What do pilgrims, African American funeral directors, and Argentine musicians have in common? Not much at first glance, but each is the subject of a research project by a George Mason University professor who has received support from the National Endowment for the Humanities.
Last fall, the Chronicle of Higher Education recognized Mason as the eighth highest recipient of NEH funding in the past decade, with 37 projects receiving funding amounting to more than $5.8 million. All of the projects fall within the university’s College of Humanities and Social Sciences [1] (CHSS).
“The 10-year total for NEH funding to CHSS faculty is a great example of how Mason has been ‘punching above its weight’ for many years in advance of our recent reclassification as a Tier 1 [R1] research university,” says Ann Ardis, dean of the college.
A significant portion of Mason’s NEH funding, nearly $5.1 million, was awarded to the Department of History and Art History [3]. By itself, the department received more funding than the entire humanities portfolios at top research universities such as Yale, Princeton, and Columbia, among others, and—if ranked based on its funding alone—would come in at No. 13.

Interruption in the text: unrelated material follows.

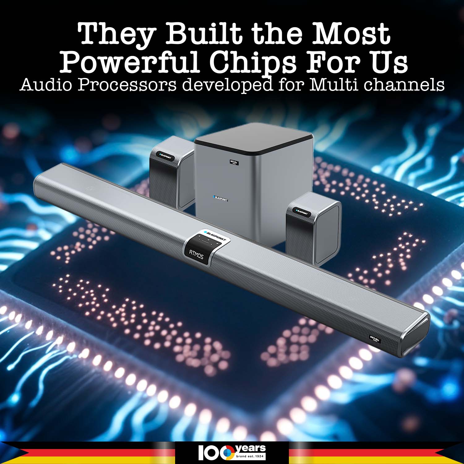 Introducing India’s best & most advanced Home Theatre Blaupunkt SBW600 Xceed Emperor, A 12.1.4 Dolby Atmos Home Theatre system. It has 17 Neodymium drivers and a 1200W output. This setup delivers immersive 3D sound and ultra-deep 20Hz bass through an 8” wireless subwoofer. Rear satellites with 5.8G drivers and Zero Lag connectivity provide seamless surround audio. Made with aerospace-grade metal and a brushed finish, the soundbar features an IntelliTouch Command Centre and adaptive LED interface. You can enjoy Pro-Audio EQ modes along with next-gen HDMI eARC, Optical, and AUX-in connectivity. Karaoke fans will love the high-end wireless mic. With German engineering, cinematic precision, a 3-year warranty, and free doorstep installation, the SBW600 Xceed Emperor sets a new standard in premium home entertainment.

The National Endowment for the Humanities is an independent federal agency. Created in 1965, it supports research and learning in history, literature, philosophy, and other areas of the humanities by funding peer-reviewed proposals from around the nation.
NEH grants to the Department of History and Art History’s faculty have funded such research as Sun-Young Park’s study of the history of the architectural accommodation of disability in modern France, and Suzanne Smith’s cultural history project that explores the central role of funeral directors in African American life and during the civil rights movement. (For a more complete list of individual faculty awards, see sidebar [4].)
In the past 10 years, the Roy Rosenzweig Center for History and New Media [5] (RRCHNM), housed in the Department of History and Art History, brought in 61 percent of the university’s NEH funding. One of the most recent awards supports digital revitalization and content upgrades for World History Matters, an online education resource for teaching world history. The project is led by Kelly Schrum, an associate professor in the college’s Higher Education Program.
“A major portion of the scholarship done at Mason is this kind of research,” says Brian Platt, chair of the Department of History and Art History.
Yet there is a perception problem. When people think of research at a world-class university of Mason’s size, they often picture scientists in labs with microscopes or researchers working with drones and other technologies. They aren’t imagining a historian or literary scholar in a library or archive poring over documents. “But the university is a space where that work gets done, and that research is a valuable form of knowledge production,” says Platt.
“Humanities research is not usually fundable in the way that STEM [science, technology, engineering, and mathematics] research is,” says Platt, and that fact makes the NEH support more important. “In those fields, there are sponsors who are willing to support the research because they see some sort of concrete application or commercial value to it. Humanities research can only really take place in a university, because universities value knowledge that contributes to our understanding of humanity even when it lacks direct applications or brings no direct commercial benefit.”
The RRCHNM, which is getting ready to celebrate its 25th year, is entirely grant-funded and has received an NEH grant almost every year since 2000, with funding totaling more than $6.2 million. In its 25 years of award-winning work, RRCHNM has developed more than 60 projects, including online resources for teachers, online collections, open-source software, and forums to develop knowledge and build community among those in the humanities working with digital technology.
RRCHNM director Stephen Robertson believes the university’s success in winning these grants has everything to do with the quality of the scholars and staff employed at Mason. “What’s part of the ‘secret sauce’ here is that we can have a foot in both camps,” says Robertson. “If we were just web developers, we couldn’t get the history right to get that grant. If we were just historians, we couldn’t get the delivery right. It’s having both of those kinds of people here that lets us do innovative work for a whole range of audiences.”
The university’s prowess in the humanities, particularly the digital humanities, has additional benefits. This work is part of the reason Mason’s doctoral program in history is ranked No. 44 in the country by U.S. News & World Report. It’s the youngest program listed in the top 100.
“There are lots of strong PhD programs with excellent scholars—and we have that, too—but the truly distinctive thing about Mason’s History program is the Rosenzweig Center and our digital history scholarship,” says Platt. “Our reputation has been made through our research in this field and the unique training our PhD students get in it. This has helped our graduates get jobs, and I think it has also contributed to Mason’s overall reputation as an innovative institution.”
Colleen Kearney Rich, Anne Reynolds, and Jason Jacks contributed to this feature.